Structural analysis of user choices for mobile app recommendation

Bin Liu, Yao Wu, Neil Zhenqiang Gong, Junjie Wu, Hui Xiong, Martin Ester

Research output: Contribution to journalArticlepeer-review

20 Scopus citations


Advances in smartphone technology have promoted the rapid development of mobile apps. However, the availability of a huge number of mobile apps in application stores has imposed the challenge of finding the right apps to meet the user needs. Indeed, there is a critical demand for personalized app recommendations. Along this line, there are opportunities and challenges posed by two unique characteristics of mobile apps. First, app markets have organized apps in a hierarchical taxonomy. Second, apps with similar functionalities are competing with each other. Although there are a variety of approaches for mobile app recommendations, these approaches do not have a focus on dealing with these opportunities and challenges.

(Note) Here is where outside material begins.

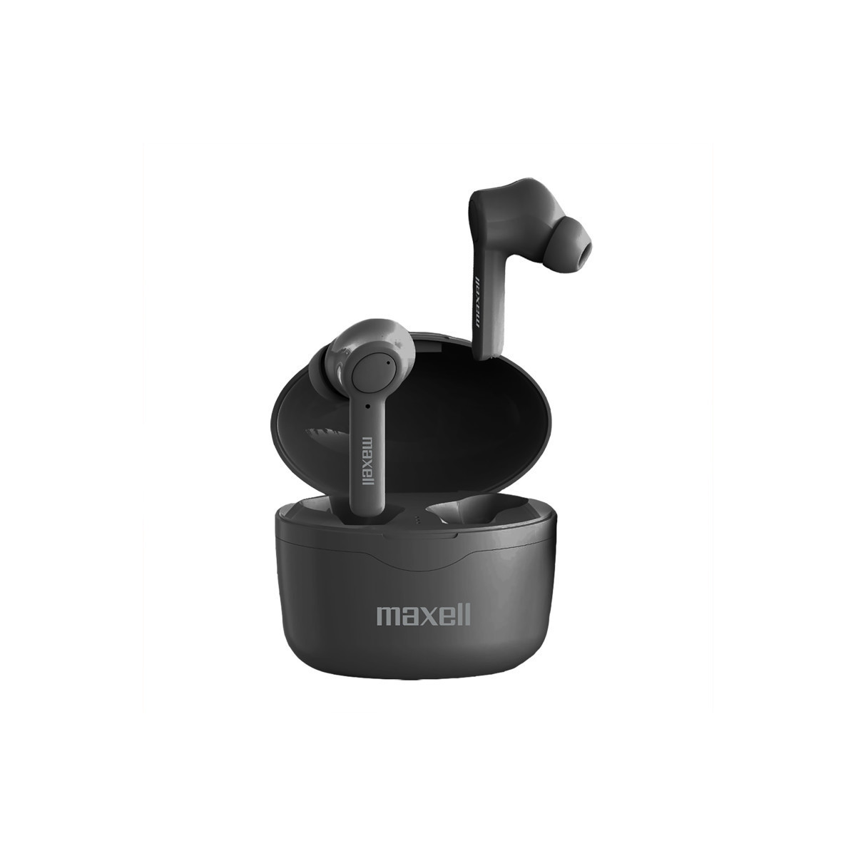 Experience powerful, full-spectrum sound with the Maxell Sync Up True Wireless Earbuds, Black. Engineered for immersive audio, these earbuds deliver heavy bass, refined treble performance, and a rich listening experience across music, podcasts, and calls. Bluetooth® 5.0 technology ensures fast pairing, efficient power use, and a reliable wireless connection, while automatic syncing between earbuds streamlines setup right out of the case. Each earbud features a single multifunction button to control volume, track navigation, play/pause, voice assistant access, and call management, keeping everything at your fingertips. With 3 hours of listening per charge and up to 12 hours total using the compact charging case, the Sync Up earbuds are built for full-day convenience.

To this end, in this article, we provide a systematic study for addressing these challenges. Specifically, we develop a structural user choice model (SUCM) to learn fine-grained user preferences by exploiting the hierarchical taxonomy of apps as well as the competitive relationships among apps. Moreover, we design an efficient learning algorithm to estimate the parameters for the SUCM model. Finally, we perform extensive experiments on a large app adoption dataset collected from Google Play. The results show that SUCM consistently outperforms state-of-the-art Top-N recommendation methods by a significant margin.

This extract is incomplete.